--- START ---
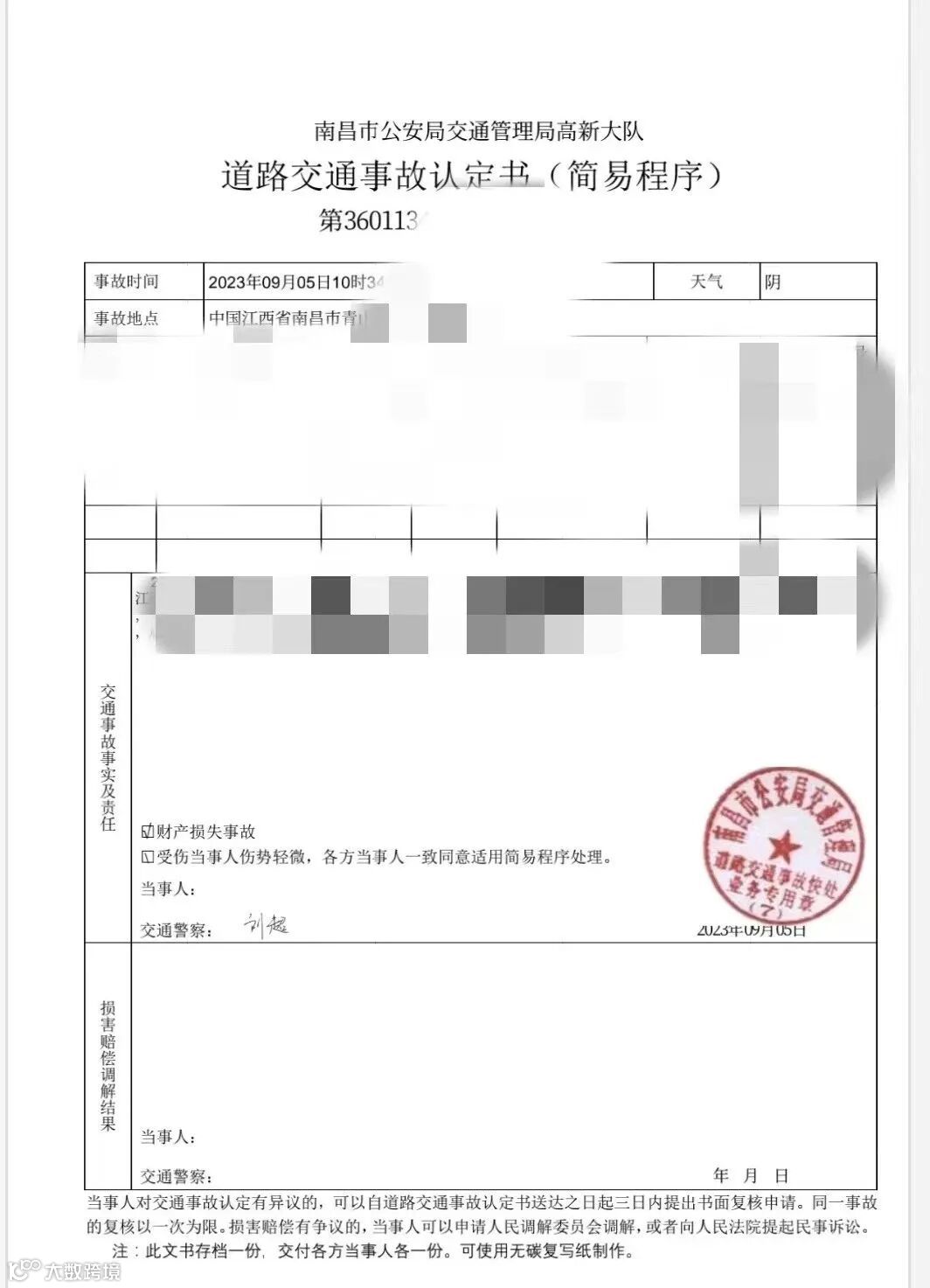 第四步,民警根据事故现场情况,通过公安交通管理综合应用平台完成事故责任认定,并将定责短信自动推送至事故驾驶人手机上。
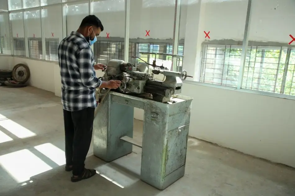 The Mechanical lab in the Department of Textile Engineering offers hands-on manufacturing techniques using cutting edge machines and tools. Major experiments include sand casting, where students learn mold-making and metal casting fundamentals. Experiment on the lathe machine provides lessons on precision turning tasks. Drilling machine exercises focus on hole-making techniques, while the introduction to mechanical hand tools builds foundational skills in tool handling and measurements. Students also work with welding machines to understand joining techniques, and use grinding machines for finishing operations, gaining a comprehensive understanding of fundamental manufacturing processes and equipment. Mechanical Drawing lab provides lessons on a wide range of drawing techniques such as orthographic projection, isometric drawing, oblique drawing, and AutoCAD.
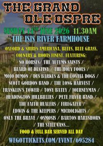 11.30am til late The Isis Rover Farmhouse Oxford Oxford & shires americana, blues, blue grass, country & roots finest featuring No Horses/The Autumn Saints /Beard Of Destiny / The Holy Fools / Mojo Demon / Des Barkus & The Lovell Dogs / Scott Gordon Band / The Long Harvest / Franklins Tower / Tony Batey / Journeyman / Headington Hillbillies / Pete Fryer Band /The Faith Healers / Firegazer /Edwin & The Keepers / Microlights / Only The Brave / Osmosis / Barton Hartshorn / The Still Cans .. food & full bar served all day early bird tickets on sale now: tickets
--- END ---
--- START ---
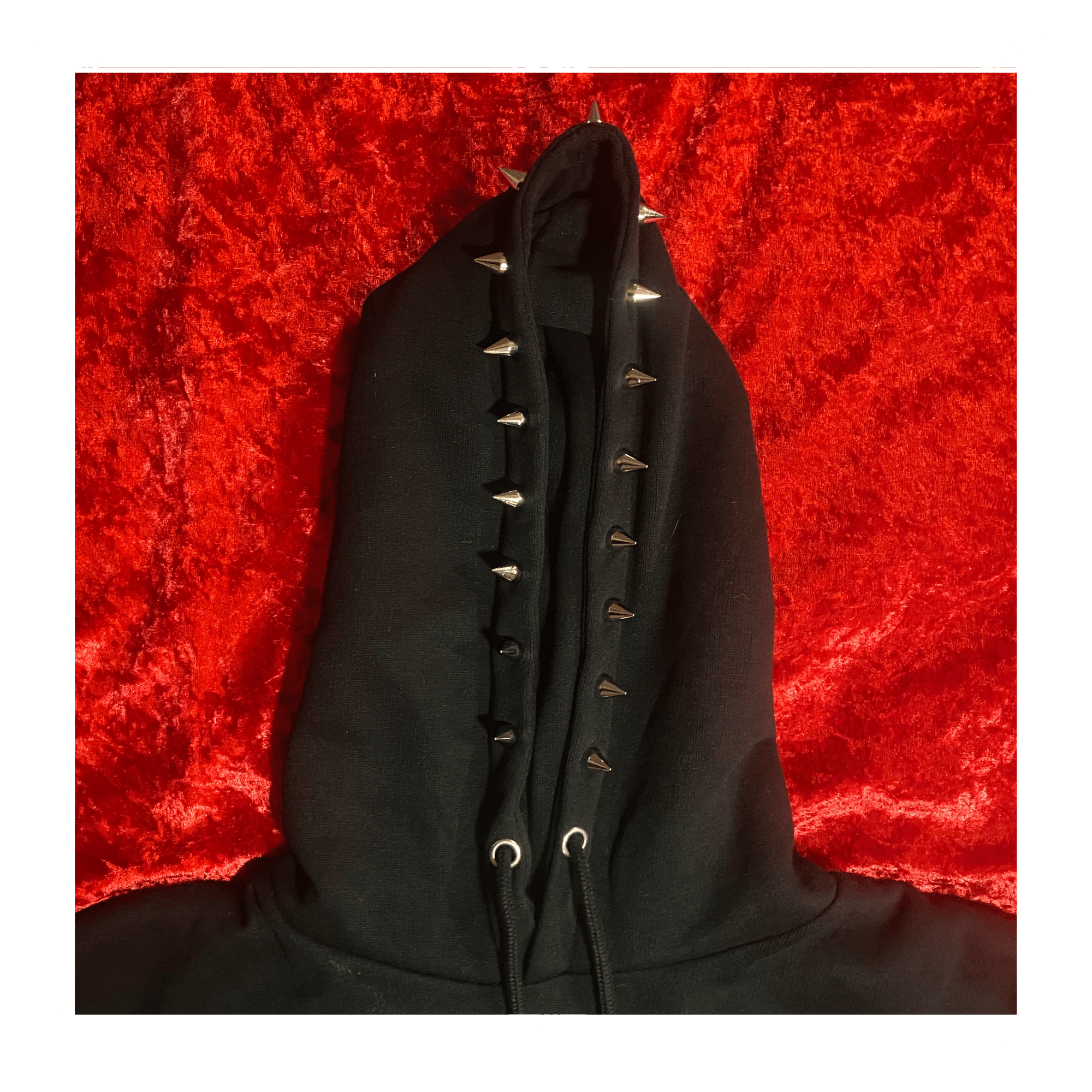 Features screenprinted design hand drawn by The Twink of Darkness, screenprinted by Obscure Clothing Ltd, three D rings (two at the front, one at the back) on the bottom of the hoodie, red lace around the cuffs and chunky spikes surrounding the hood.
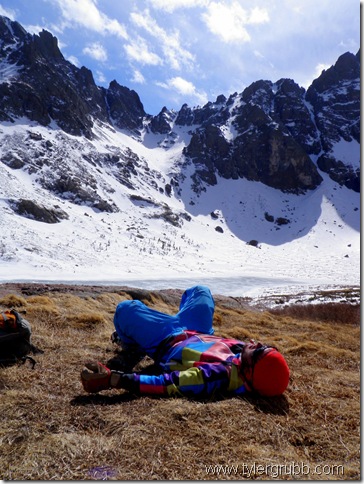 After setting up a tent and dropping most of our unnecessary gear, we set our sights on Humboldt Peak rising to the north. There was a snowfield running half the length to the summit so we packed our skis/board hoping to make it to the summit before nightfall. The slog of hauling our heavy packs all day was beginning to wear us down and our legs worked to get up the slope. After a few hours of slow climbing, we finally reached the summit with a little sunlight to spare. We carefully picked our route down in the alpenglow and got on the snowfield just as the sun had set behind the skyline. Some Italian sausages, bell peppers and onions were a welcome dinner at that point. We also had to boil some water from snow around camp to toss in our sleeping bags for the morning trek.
--- END ---
> **What is needed**: The answer is those lines of the material above that run from the one containing "Features screenprinted design" up to and including the one containing "After setting up", restated exactly and without images.

> **Exercise answer**:
 Features screenprinted design hand drawn by The Twink of Darkness, screenprinted by Obscure Clothing Ltd, three D rings (two at the front, one at the back) on the bottom of the hoodie, red lace around the cuffs and chunky spikes surrounding the hood.
 After setting up a tent and dropping most of our unnecessary gear, we set our sights on Humboldt Peak rising to the north. There was a snowfield running half the length to the summit so we packed our skis/board hoping to make it to the summit before nightfall. The slog of hauling our heavy packs all day was beginning to wear us down and our legs worked to get up the slope. After a few hours of slow climbing, we finally reached the summit with a little sunlight to spare. We carefully picked our route down in the alpenglow and got on the snowfield just as the sun had set behind the skyline. Some Italian sausages, bell peppers and onions were a welcome dinner at that point. We also had to boil some water from snow around camp to toss in our sleeping bags for the morning trek.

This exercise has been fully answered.